Becky: That’s quite alright. I like being called “Brony girl”. It makes me feel special.
Becky: So, Cliff [she flicks her hair], what did you do this summer?
Cliff: Oh, I spent this time in southern California, doing martial arts, witchcraft and hanging around with friends and celebrities.
Becky: Celebrities? Really?!! Which ones?
Cliff: You name it - I met Chuck Norris for example and fought against him.
Becky: You met Chuck Norris? That’s so great! How’s he like? And who won?
Cliff: Oh, he’s great! Keeps saying various aphorisms that I can never tell if they are from the Bible or not, but, ye know, he’s just being himself.
Cliff: And he takes losing (like with me - I won two rounds out of three) amazingly well. Says that he can learn more from a lost fight than from a fight he’s won.
Becky: Awesome!
Becky: Anyway, you probably know that Summer Glau pawns Chuck. She doesn’t have to hurt you if she doesn’t want to, while Norris kills everyone in sight. It also takes her a minute to write a rebuttal for a bad blog comment like in xkcd: “Venting”, and she would sign it as him.

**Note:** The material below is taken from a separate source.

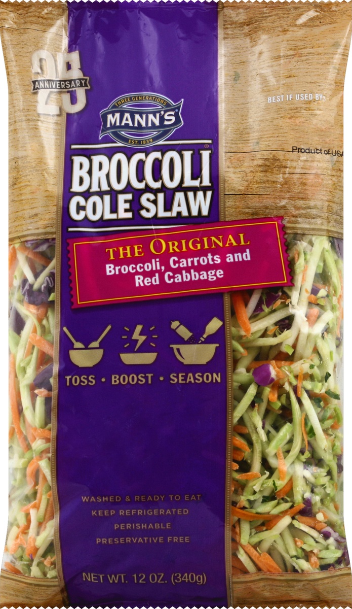 Keep refrigerated. Perishable. Toss: Toss with grapes, fruits, sliced almonds and poppy seed dressing for a sweet, crunchy delight. Toss chopped Mann's Broccoli Cole Slaw with seasoned taco meat and y…
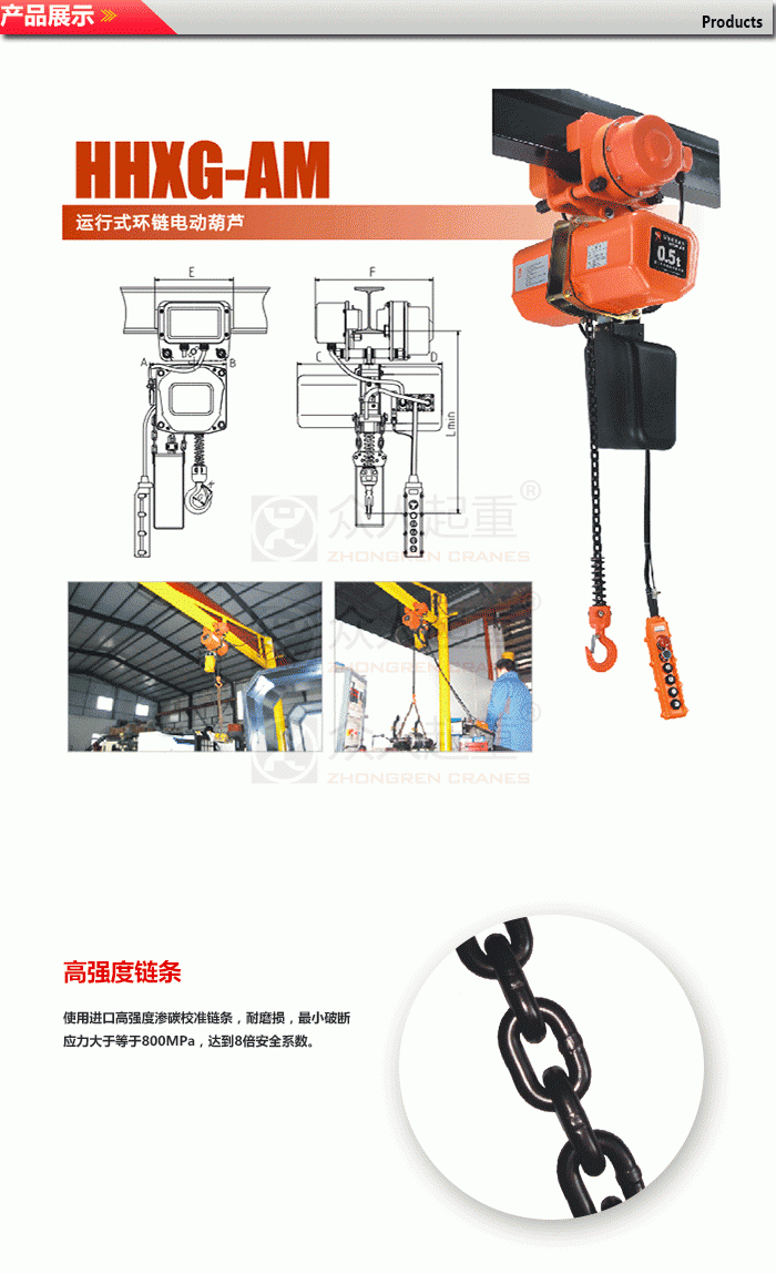 1、高效、質輕電機,無石棉剎車系統,低能耗。 2、沖壓鋼構殼體,輕巧而堅固。 3、高強度安全吊鉤,承受意外超負荷沖擊不會發(fā)生斷裂,只是逐漸變形。 4、輕巧、美觀而耐用的塑制鏈袋。 5、極限開關:吊上吊下都有極限快關裝置,使電機自動停止,反防止鏈條超出,確保安全。 6、逆相保護裝置:特殊電線裝置,當電源接線錯誤時,控制電路無法動作。 1.要保持連續(xù)和令人滿意的操作,必須實施定期項目檢查規(guī)程,更換磨損或損壞的零部件,以使其不成為非安全操作的隱患。 2.項目檢查間隔依葫蘆使用情況而定,并基于所使用的葫蘆類型以及重要零部件的磨損程度、老化和故障程度來確定項目檢查間隔。 3.不要使用處于維修狀態(tài)的葫蘆。 4.不要在吊有載荷的情況下儲藏葫蘆。 5.擦除葫蘆上的污漬。 6.在干燥清潔的場所儲藏葫蘆。 7.起重鏈條爆裂可能導致人員傷亡或嚴重傷害,應仔細維護起重鏈條,包括正確操作,良好的維護和檢修。 8.應確保對起重鏈條,吊銷、上鉤軸、吊鉤頸部等零部件的潤滑。 9.應確保用于黃油相同的機械油對起重鏈條加以良好潤滑。 操作前注意事項: 1.如產品的吊鉤和吊耳發(fā)生變形或裂痕,請勿使用。 2.操作前,應確保實施過項目檢查分類中的所有內容。 3.對提升或拉緊物需進行質量估算,再選用合適的起重葫蘆。 4.檢查上吊鉤銷軸和下吊鉤確保有無變形或松動。 5.手動檢查限位開關工作是否正常。 6.鏈條扭絞、打結、雙行鏈條下吊鉤翻轉均勿開機起吊。 7.電動葫蘆必須在可靠接地的前提下投入使用。 8.起重鏈條是特殊合金鋼制作并經過熱處理,不能私自進行焊接或改裝。 9.請在負載使用前給減速器加注0.7KG L-CKD100閉式齒輪油,在鏈條表面涂刷L-CKD100號齒輪油或鈣基潤滑脂。 10.裝配在葫蘆里的鏈條不可修理。 11.在溫度低于0°時確保制動器沒有結冰。 操作中注意事項: 1.勿使用帶有變形或有裂痕的起重鏈條的葫蘆。 2.勿將起重鏈條作為重載索具使用。 3.勿將該葫蘆用于斜吊垂直方向>12°的重物。 4.勿將重物直接掛于吊鉤尖端上支承。 5.勿將鏈條在阻礙物(如鋼板)表面通過。 6.勿在懸吊的重物上面實施焊接或切割操作。 7.勿搖動提升貨物。 8.勿使用已損壞或使用時有異常聲音的葫蘆。 9.勿起吊時作急速上、下的重復操作。 10.勿將提升的重物擱置,長時間無人監(jiān)管。 11.應確保重載正確置于吊鉤鉤腔部位。 12.實施提升重物前,應確保消除起重鏈條間隙,以避免發(fā)生沖擊負載現象。 操作完畢注意事項: 1.操作之后應確保將重物安全的降落下來,以避免重物掉落。 2.操作完畢后及時按下手電門總停按鈕,避免他人誤操作。 其他注意事項: 1.在特殊環(huán)境條件下使用時(如鹽水、海水、酸性物質、堿性物質或易爆環(huán)境),請?zhí)崆芭c你的經銷商或本公司聯系予以確認。 2.勿使用發(fā)生故障或維修狀態(tài)下的葫蘆。 |

[ Chankey bursts out laughing. Cliff and Becky join him. ]
Cliff: Well, I actually met her a few times, including in a fight tournament where she lost one of the first few rounds. She’s a good fighter, but not that good. Then she saw me fighting, and asked me if we can fight.
Becky: Summer Glau asked you to fight her? Get out! I’m not worthy… I’m not worthy… I’m not worthy… [Reference: Wayne's World]

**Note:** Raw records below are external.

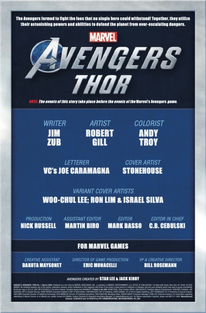 Marvel’s Avengers: Thor #1 is out on January 8th, priced $3.99.
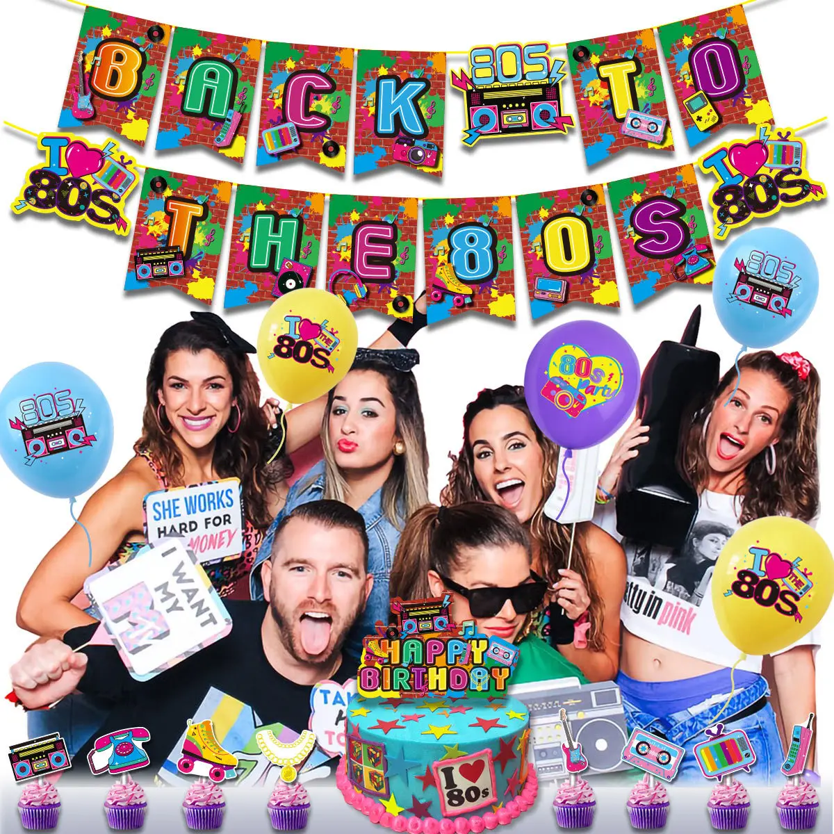 Тематическое украшение для вечеринки в стиле 80-х, флаг в стиле 80-х, Натяжной воздушный шар, набор для открыток, товары для друзей
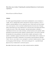 It is widely suggested that participation in rural tourism is underpinned by a sense of rural place or “rurality”. However, although nature and the countryside have long been recognised as a source of spiritual or emotional fulfilment, few have explored the extent to which tourism, itself often claimed to be a sacred experience, offers an emotional/spiritual dimension in the rural context. This paper addresses that literature gap. Using in-depth interviews with rural tourists in the English Lake District, it explores the extent to which, within respondents’ individual understanding of spirituality, a relationship exists between sense of place and deeper, emotional experiences and, especially, whether participation in rural tourism may induce spiritual or emotional responses. The research revealed that all respondents felt a strong attachment to the Lake District; similarly, and irrespective of their openness to spirituality, engaging in rural tourism activities resulted in highly emotive experiences for all respondents, the description/interpretation of such experiences being determined by individual “beliefs”. However, sense of place was not a prerequisite to emotional or spiritual experiences. Being in and engaging with the landscape � effectively becoming part of it � especially through physical activity is fundamental to emotional responses.
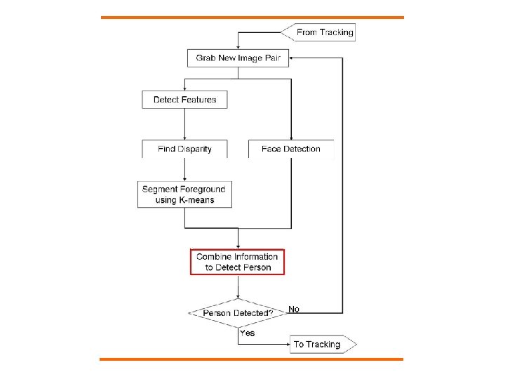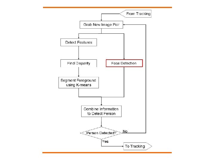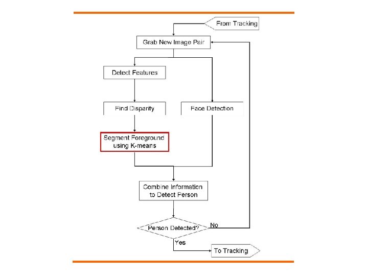 Our Approach • Inspired by the work of Chen and Birchfield [12] • Stereo based Lucas-Kanade [9, 10] – Detect and track feature points – Calculate sparse disparity map • Segment scene using k-means Clustering • Detect faces using Viola-Jones detector [11] • Detect Person using results of k-means and Viola-Jones • Track Person using modified detection procedure
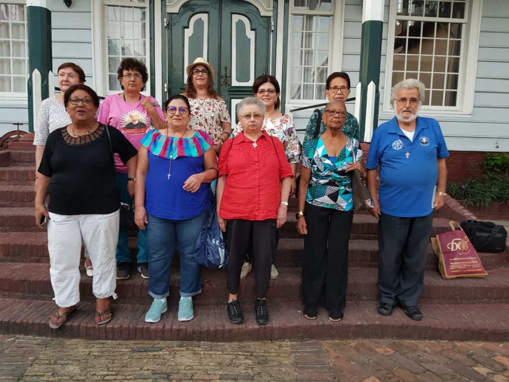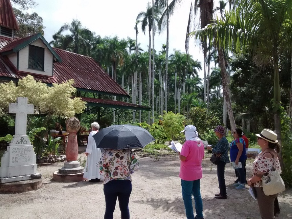 De boottocht van Boskamp naar Batavia is ook altijd boeiend. Deze keer waren we in een (onoverdekte) boot voor maximaal 13 personen met een 15pk aanhangmotor. Bootsman Andy voer niet ver van de oever in een matige snelheid. Je kon dan genieten van Gods schepping: het Coppename-oerwoud, deel van het immense Amazoneregenwoud. Vooral de prachtige mangrovevegetatie (de luchtwortels) valt op. Indrukwekkend en bewonderenswaardig allemaal. Op Batavia genoten wij van de prachtige fluitconcerten van de vogels – papegaaien en parkieten -die (hoog) in de bomen huizen. Het fluiten ging zonder onderbreking door tot na ons vertrek. Tijdens de kruiswegviering onderbrak pater Noordermeer de tocht om enkele momenten te luisteren naar het gefluit.

Becky: Cliff, you’re a freaking wizard!
Cliff: I’m a freaking witch! Anyway, I won all three rounds and she told me it was a good fight.
With Buffy
PrevNode LinkBecky: Of course, everyone knows that Buffy is better than Chuck [Buffy Facts]. He’s been secretly fighting against her, and so far has lost all of those battles.

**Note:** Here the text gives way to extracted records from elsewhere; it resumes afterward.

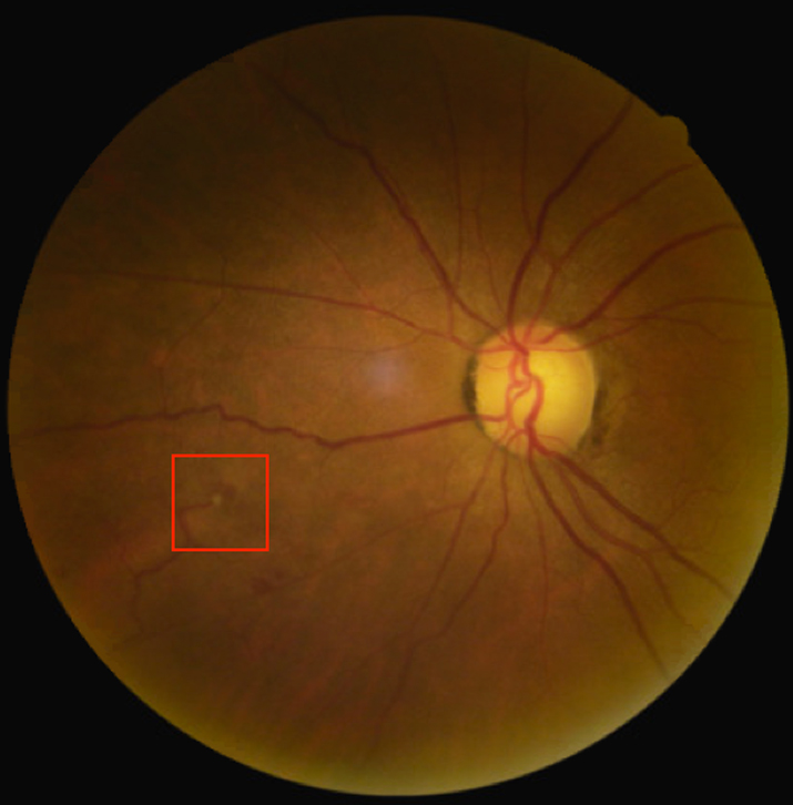 Figure 1. Fundus photo OS shows suspicious retinal vessel (red box) and scatted intraretinal hemorrhages in the inferonasal retina.
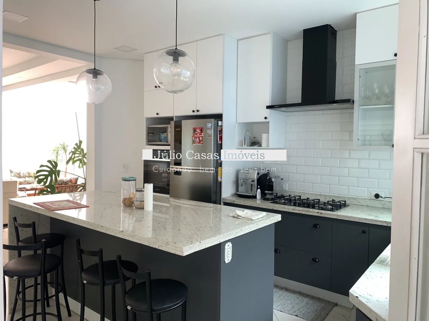 A cozinha, equipada com uma ilha central, oferece praticidade e funcionalidade. As bancadas em granito e os armários planejados garantem um ambiente organizado e elegante, perfeito para quem aprecia um bom design aliado à praticidade.
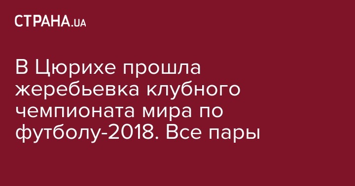 Во вторник, 4 сентября, в Цюрихе прошла жеребьевка клубного чемпионата мира - 2018. Турнир в этом году пройдет в ОАЭ с 12 по 22 декабря.

Cliff: Yeah, and her gaze can turn Medusa into stone!
Chankey: Buffy Summers is not afraid of demons. Demons are afraid of her, and for a very good reason.
Buffy’s voice: Buffy Summers is always there when people are spreading untrue hyperboles about her.
Cliff: Oh, hello Ms. Summers.
[ Buffy approaches them from a different aisle in the library. ]
Buffy: Hello, kids.
Cliff: By the way, what is your post-marriage name?
Buffy: It’s “Summers”. Angel and I are both called that. He didn’t find his original family name usable in this day and age, so he adopted mine. His original name was very aristocratic, and he is actually a direct male descendent of Charlemagne.
Becky: Ooh… so you are now Milady de Summers? Awesome!
Buffy: Heh, well, it is Faith that has an unnatural obsession with Milady de Winter — not me.
Buffy: In any case, for your information, I fought against Chuck Norris several times and lost all the battles. In fact, that was part of the catalyst that made us realise that slayers were only humans and that men can be equally as capable slayers as women. You will hopefully get a chance to meet and even fight against Mr. Norris sometime throughout the school year.
Becky: I see. So, Ms. Summers, what are you doing here in the library?
Buffy: I’m looking for a book I misplaced.
Becky: About slaying?
Buffy: No, about cooking. A cookbook from the late 60s with a nice spinach, Broccoli and cheese casserole.
Becky: [Types a few things on the keyboard.] Ms. Summers, I was able to find a recipe for a casserole like that from that era.
Buffy: Let me see. [Looks] Wow! Looks great. Becky, you've got a lot of potential as a slayer.
Becky: Why, thank you!
Cliff: Bleh! [He puts his head in his hands.]